EO research scientist	Native 10 m/pixel inference on chunked AOIs, embedding COG exports for downstream sklearn pipelines, a few-shot tool for ad-hoc class taxonomies.
ML engineer evaluating OlmoEarth	A self-contained reproduction harness — clone, drop weights into HF cache, run any FT head on any AOI in 1-3 minutes. No notebooks.

Quick start

Roger Studio is a two-process app: a Python FastAPI backend (the inference orchestrator) and a Vite/React frontend (the workbench). Two ways to get it running — pick one:

Option A — Docker (one command)

If you have Docker Desktop installed:

git clone https://github.com/2imi9/Roger-Studio.git
cd Roger-Studio
docker compose up

Then open http://localhost:3000. The first run pulls images + installs deps inside the containers (~5–10 min); every subsequent up is fast. The Sentinel-2 scene cache persists at ./backend/data/s2_cache so warm inferences stay fast across restarts.

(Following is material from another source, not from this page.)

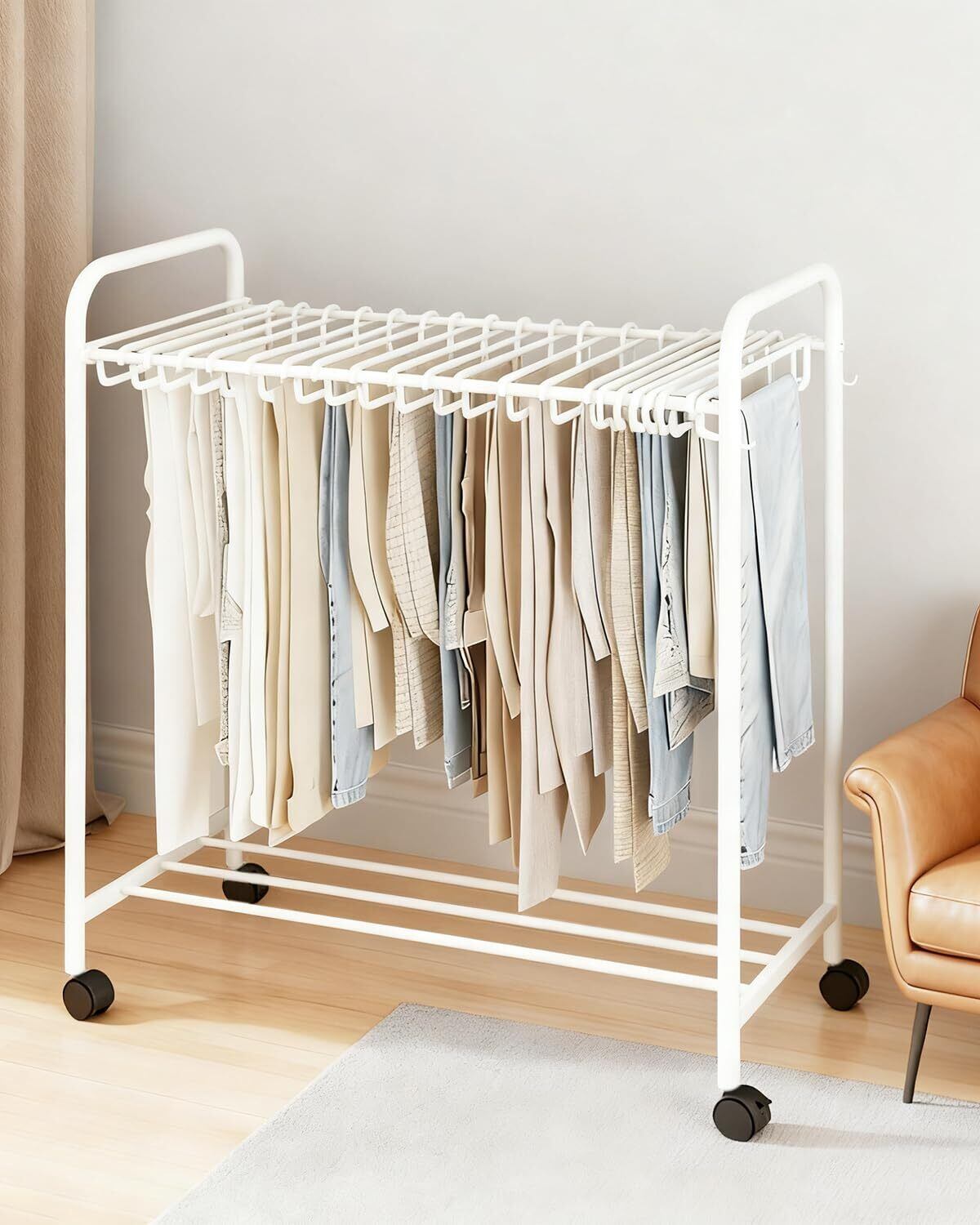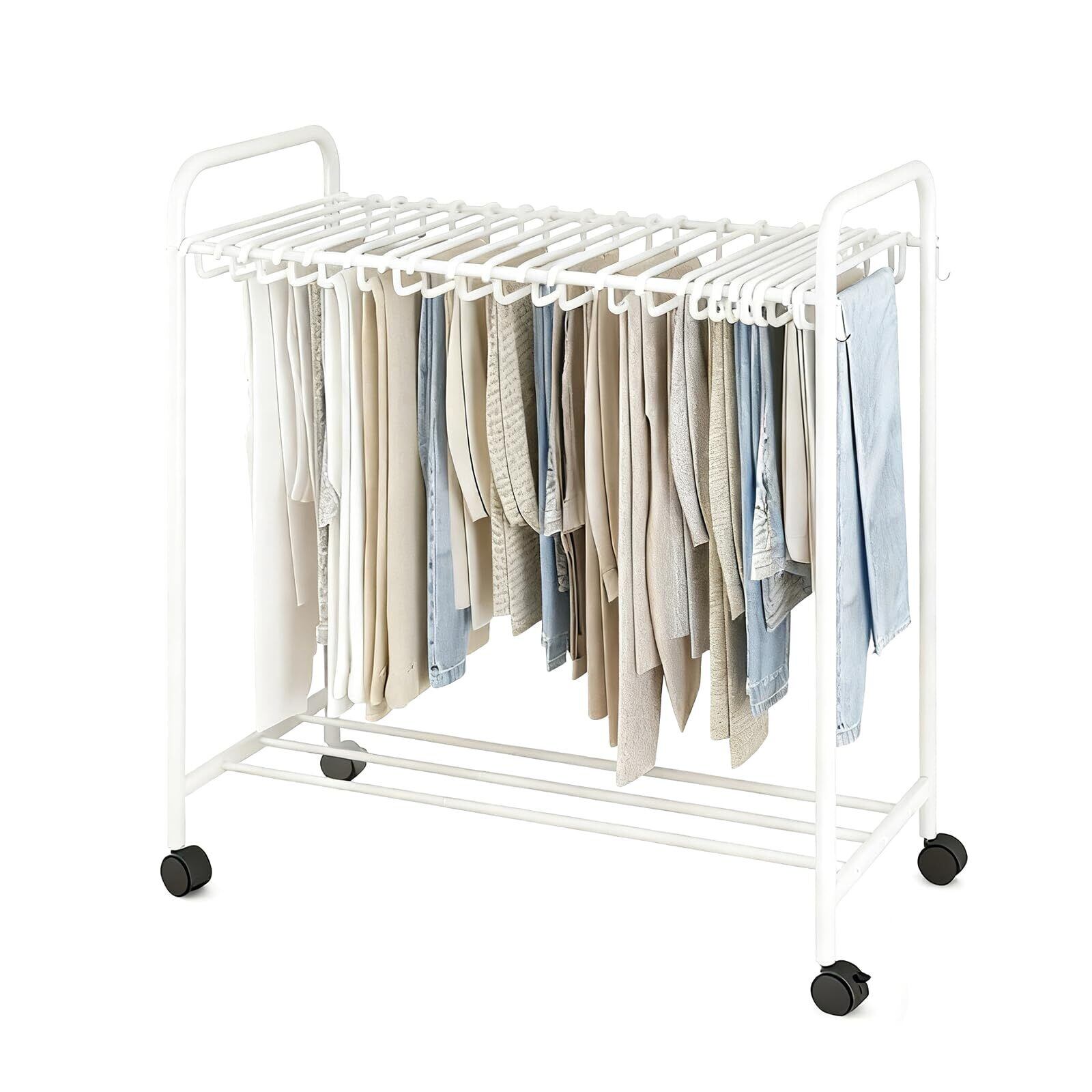 【大容量省スペース】2段式設計で、パンツハンガーの上部には24個のハンガーが付いており、スラックス、スポーツパンツ、ヨガパンツ、スカート、ストール、スカーフ、ネクタイなど様々なアイテムを整理できます。下部は靴や収納ボックスなどを置くことができます。横側のフックにはバッグなどを掛けられます。様々な物品を収納可能で、大容量の収納力が日々のニーズを楽々と満たします。

CPU-only by default. The default container has no CUDA, so real OlmoEarth inference falls back to kind: "stub" — useful for UI / design work, the ResultPanel renders the stub state correctly. For real inference, either follow Option B below or wire the GPU profile documented in backend/Dockerfile and docker-compose.yml.

Optional API keys (cloud LLMs + gated HF models) are read from your shell environment via ${ANTHROPIC_API_KEY:-} etc. — set them before docker compose up or drop a .env next to the compose file.

Option B — Native install (full GPU inference)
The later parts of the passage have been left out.